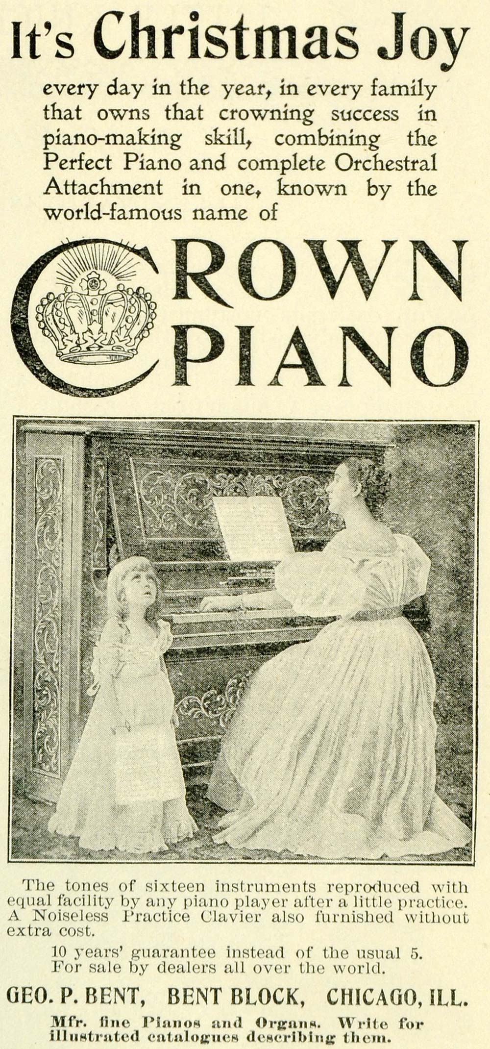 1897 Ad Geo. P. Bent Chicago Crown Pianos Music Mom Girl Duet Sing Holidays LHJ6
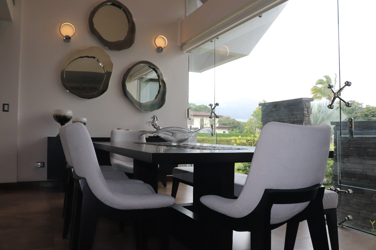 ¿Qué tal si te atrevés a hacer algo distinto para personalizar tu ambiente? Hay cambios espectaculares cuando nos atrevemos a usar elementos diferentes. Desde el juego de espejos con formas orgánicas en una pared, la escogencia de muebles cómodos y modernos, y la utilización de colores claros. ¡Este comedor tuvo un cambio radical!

...

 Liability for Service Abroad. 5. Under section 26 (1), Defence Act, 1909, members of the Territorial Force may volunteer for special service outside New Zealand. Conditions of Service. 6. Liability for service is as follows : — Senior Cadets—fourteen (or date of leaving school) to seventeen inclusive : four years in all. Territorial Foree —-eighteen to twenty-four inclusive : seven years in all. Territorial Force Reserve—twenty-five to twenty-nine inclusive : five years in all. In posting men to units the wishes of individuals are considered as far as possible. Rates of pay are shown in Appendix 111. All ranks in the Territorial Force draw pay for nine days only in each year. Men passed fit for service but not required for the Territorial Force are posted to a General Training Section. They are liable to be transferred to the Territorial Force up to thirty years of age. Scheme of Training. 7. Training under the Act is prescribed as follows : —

...

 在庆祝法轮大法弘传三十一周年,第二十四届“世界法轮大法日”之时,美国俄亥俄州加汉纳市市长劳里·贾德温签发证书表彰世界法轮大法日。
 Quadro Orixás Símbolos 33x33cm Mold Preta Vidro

■ **Exercise aim**:
Within the listing above, the range opens at the line with "在庆祝法轮大法弘传三十一周年" and closes at the line with "Quadro Orixás Símbolos". Reproduce exactly the lines of that range, including both ends.

■ **Response below**:
 在庆祝法轮大法弘传三十一周年,第二十四届“世界法轮大法日”之时,美国俄亥俄州加汉纳市市长劳里·贾德温签发证书表彰世界法轮大法日。
 Quadro Orixás Símbolos 33x33cm Mold Preta Vidro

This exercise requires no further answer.